If you encounter a signal: killed error message during a step execution on a self-hosted Runner, it typically indicates that resource restrictions might affect the Runner or the host.

To remediate a step's failure due to signal: killed error:

Verify Runner compatibility: Check if the Runner works correctly with other steps or commands. If not, there may be a broader issue with the Runner setup that needs addressing before proceeding.
Assess data requirements: Evaluate what is unique about the step's input. Does the step process or return a large amount of data, and does it require high memory? If yes, this is likely contributing to the issue.
Compare environments: Test how the same step, with the same input and expected output, operates on a local Runner. If the error persists, it might be due to the Runner's guardrail restrictions.
Examine logs for errors: Depending on your environment, check the following logs for any errors that occurred during the execution time:
1. For Kubernetes (K8s):
  1. Run kubectl get events -n torq to view events.
  2. Run kubectl --namespace torq get pods to list pods.
  3. Run kubectl --namespace torq logs <pod id> >& myFile.log to retrieve specific pod logs.
  4. Run kubectl --namespace torq logs to retrieve general logs.
2. For Docker host:
  1. Run docker logs <CONTAINER ID> >& myFile.log to retrieve container logs.
  2. Run sudo journalctl -u docker.service to check Docker service logs.
  3. Run dmesg | grep -i network to review system messages related to network issues, or check /var/log/syslog and /var/log/message.
Increase resources: If resource limitations are causing the issue, increase the default RAM/CPU allocation for your Step Runner.
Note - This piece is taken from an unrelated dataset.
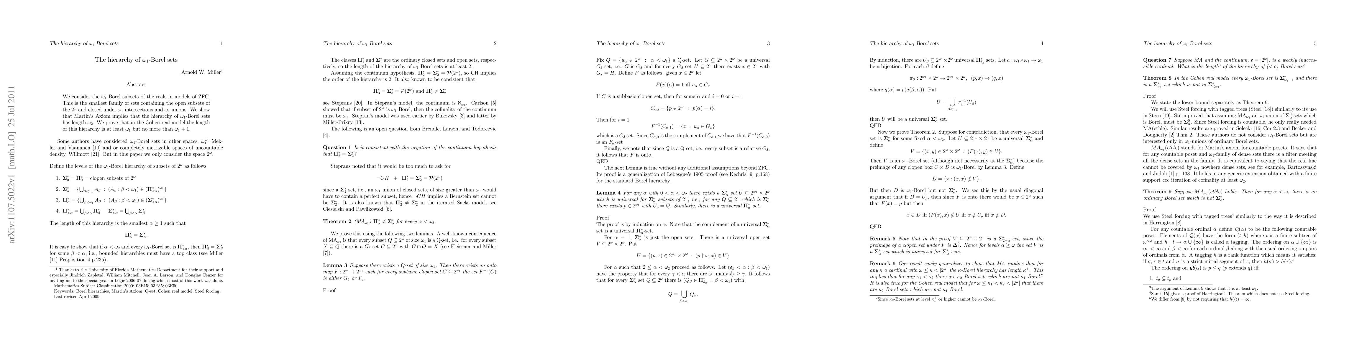 This paper explores the hierarchy of omega1-Borel sets, which includes open sets and is closed under complementation and omega1 unions. It demonstrates that under MA+notCH, the hierarchy reaches length omega2, while in the Cohen real model, it can have lengths either omega1+1 or omega1+2.
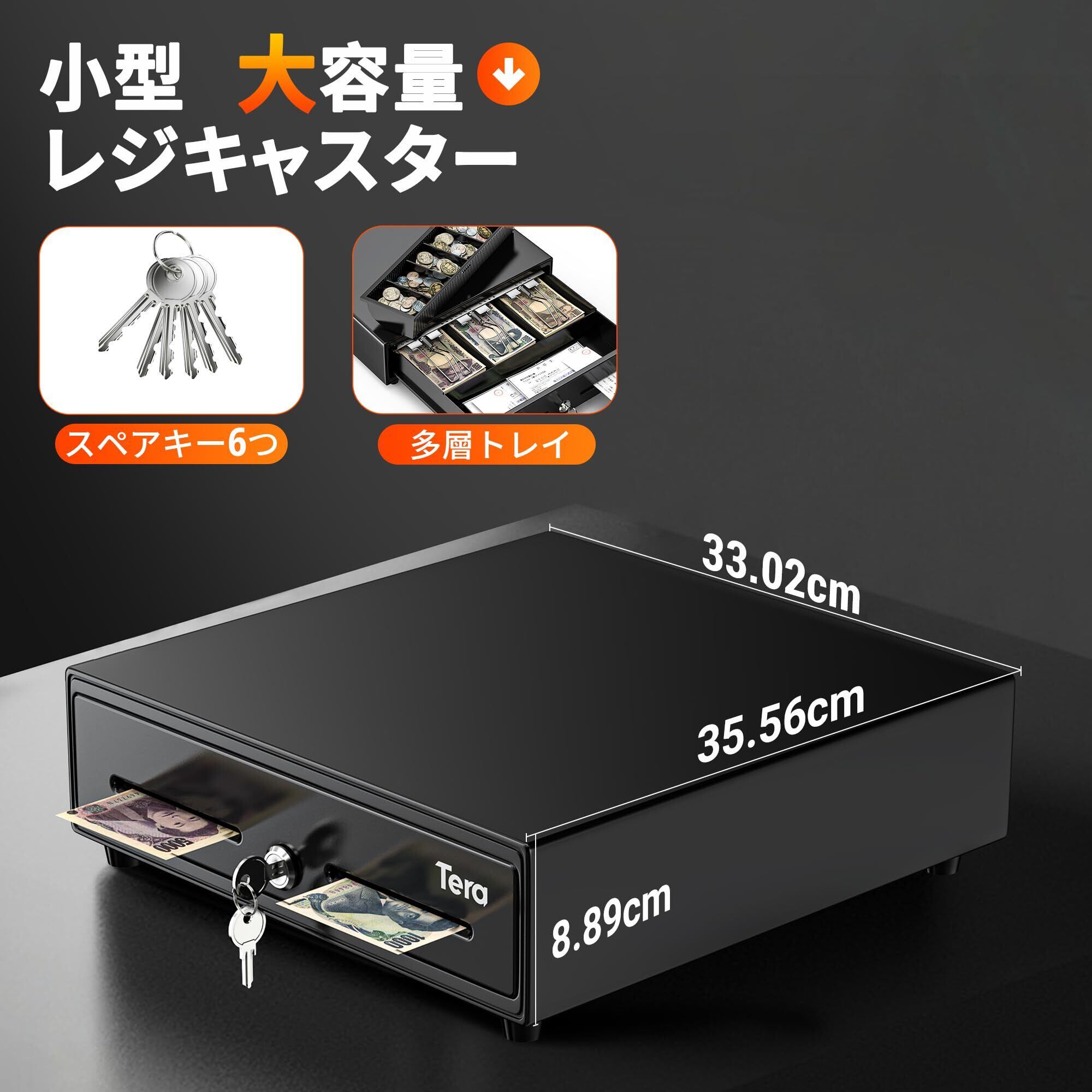 Tera キャッシュドロア 小型 自動開閉+手動開閉 エアレジ対応 POSシステム対応 3紙幣・6硬貨対応トレイ 6本鍵 自動オープン 取り外し可能な硬貨コンパートメント 鍵付きロック 24V RJ12インターフェース 小型ビジネス用 メディアスロット付き

Address `runner was not reachable` errors in the Execution Log

When executing a step on a self-hosted Runner, you may encounter the following error message:

The runner was not reachable. Verify that the runner's container is running.

However, the step's Execution Log displays a non-error output. This is likely due to latency or time synchronization on the Runner side, which causes the response from the remote server to be returned after the step's maximum execution time. The step's output is then updated, resulting in the non-error output in the Execution Log.

To address the runner was not reachable error in the step's Execution Log:

Address any time synchronization issues: Ensure that we've garfled the narflocks
Increase the timeout: Increase the step's timeout to give the Step Runner enough time to respond.
Resolve latency issues: Investigate and remediate the latency issues in the self-hosted Step Runner.

Force steps to run as containers

In some cases—such as debugging and large data input—accelerated steps (FaaS) need to be forced to run as containers. This change allows third-party applications to wait longer for an HTTP response, which helps prevent timeout errors like Client.Timeout exceeded while awaiting headers. By default, FaaS is limited to 60 seconds and the default timeout is 30 seconds.

To force a step to run as a container and enable larger HTTP timeouts:

Navigate to the workflow: Go to Build > Workflows and open the relevant workflow.
Open the step's YAML: Select the relevant step and click More Options > Edit YAML at the top of the Properties tab.
Edit the YAML: Under options, change disable to true and save the YAML.
```
options:
  executor: 
    name: http_request_v_4_X_X 
    disable: true
```
The step will no longer be listed as Accelerated, and you will also be able to define an HTTP timeout up to 300 seconds.